Yolo-FastestV2: Faster and Lighter
Based on Yolo's improved lightweight target detection algorithm, the parameter is only 250k, and the smartphone can reach 300fps.
Join the DZone community and get the full member experience.Join For Free
Yolo-Fastest focuses on single-core, real-time inference performance and low CPU usage under real-time conditions. Not only can it realize real-time performance on mobile phones, but also on RK3399, Raspberry Pi 4, and various Cortex-A53 while remaining low-cost. The power consumption device meets certain real-time performance standards. After all, these embedded devices are much weaker than mobile phones, but they are more widely used and cheaper.
Let me talk about the original intention of Yolo-Fastest. Most people used Mobilenet-SSD in early lightweight object detection. In actual tests, it is difficult to achieve real-time on commonly used ARM devices; it can only be done on some high-end mobile phones. All big cores can barely reach real-time when booting, not to mention the "powerful" RK3399 and other commonly used ARM CPUs in the industry. Real-time is basically impossible.
Comparing Yolo Network Versions
First, compare Yolo-FastestV2 with Yolo-FastestV1.1:
I did not optimize the accuracy this time. This time I optimized the speed. After all, what I am after is the fastest. However, the 0.3 percent loss of accuracy has been exchanged for a 30 percent increase in inference speed and a 25 percent reduction in the number of parameters. At least I think it's worth it. Do not pursue speed, but pay more attention to the cost-effectiveness of algorithm effect and reasoning efficiency.
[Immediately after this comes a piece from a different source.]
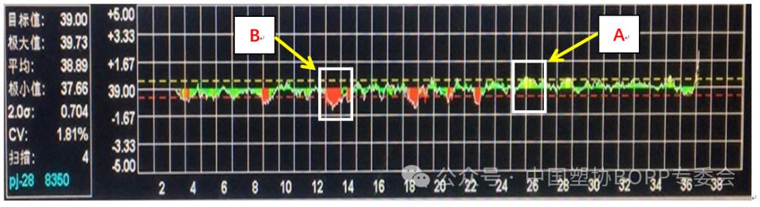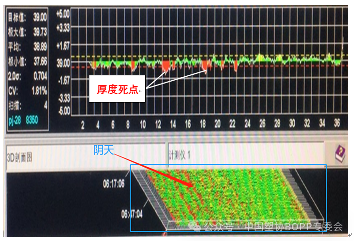 “陰天”的厚度形態是一種最糟糕的厚度狀態,薄膜的橫向厚度起伏較大,厚度“死點”的地方比較固定,厚度偏差值隨時間的變化不大,相鄰兩點的厚度差基本上在 0.5um 以上,標準偏差 2δ 值大于 1.3%,敲擊時,厚度高點很硬,低點很軟,且持續的時間很長,一旦出現就是批量降級。這種情況往往需要人工干預后才能恢復正常,但這種情況產生的原因復雜,解決起來較為麻煩。這種情況的產生的厚度缺陷,往往位置比較固定,短期內不會消失,且會日益加劇,因此。把這種因素可概括為非流動性因素。

Later, I optimized the lightweight of YOLOV3 with mobilenet. Calculated at 1.8BFlops, the performance of Kirin 990 can reach ~55fps, and the big core is fully turned on. Although good speed can be achieved on high-end mobile phones, some low-end mobile phone CPUs and the high-end chip RK3399 commonly used in the industry still cannot meet the real-time requirements.
Second, in practical applications, considering power consumption and system resource occupancy, multi-core is generally not fully utilized to reason about models. After all, some resources are reserved for other applications, so I generally use single-core, and at most dual-core. Especially on mobile phones, the power consumption problem is particularly serious. If the CPU usage is too high during model inference, it will cause overheating and frequency reduction, which is counterproductive.
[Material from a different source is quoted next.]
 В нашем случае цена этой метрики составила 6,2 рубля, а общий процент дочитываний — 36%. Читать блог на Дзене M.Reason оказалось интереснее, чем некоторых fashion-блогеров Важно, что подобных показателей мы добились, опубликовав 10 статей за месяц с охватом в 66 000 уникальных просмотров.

Finally, the battery life will be shortened. Especially on mobile phones, the power consumption problem is particularly serious. If the CPU usage is too high during model inference, it will cause overheating and frequency reduction, which is counterproductive.
Therefore, we should not only look at the time-consuming model inference, but also pay attention to the system resources, memory, and CPU usage consumed by model inference. For example, both models can reach 30fps on the CPU, but the CPU only accounts for 20% of model A in the case of single-core real-time. Model B achieves real-time when the four cores are fully turned on. The CPU usage may be 100%, but Model B may perform better. In this case, you need to weigh the pros and cons.
Improvements to Yolo-FastestV2
First, the backbone of the model was replaced by shufflenetV2. Compared with the original backbone, the memory access is reduced and lighter. Secondly, the matching mechanism of Anchor refers to YOLOV5, which is actually the official version of YOLOV5 and Darknet. The matching mechanism of YOLOV4 in Anchor is quite different (I will not go into details. There are many analyses on the internet).
The next step is the decoupling of the detection head. This is also a reference to YoloX. It will return to the detection frame and classify the foreground and background. The classification of the detection category has the feature map of Yolo coupled into three different feature maps, where the classification of the foreground-background and the classification of the detection category share the same network branch parameters.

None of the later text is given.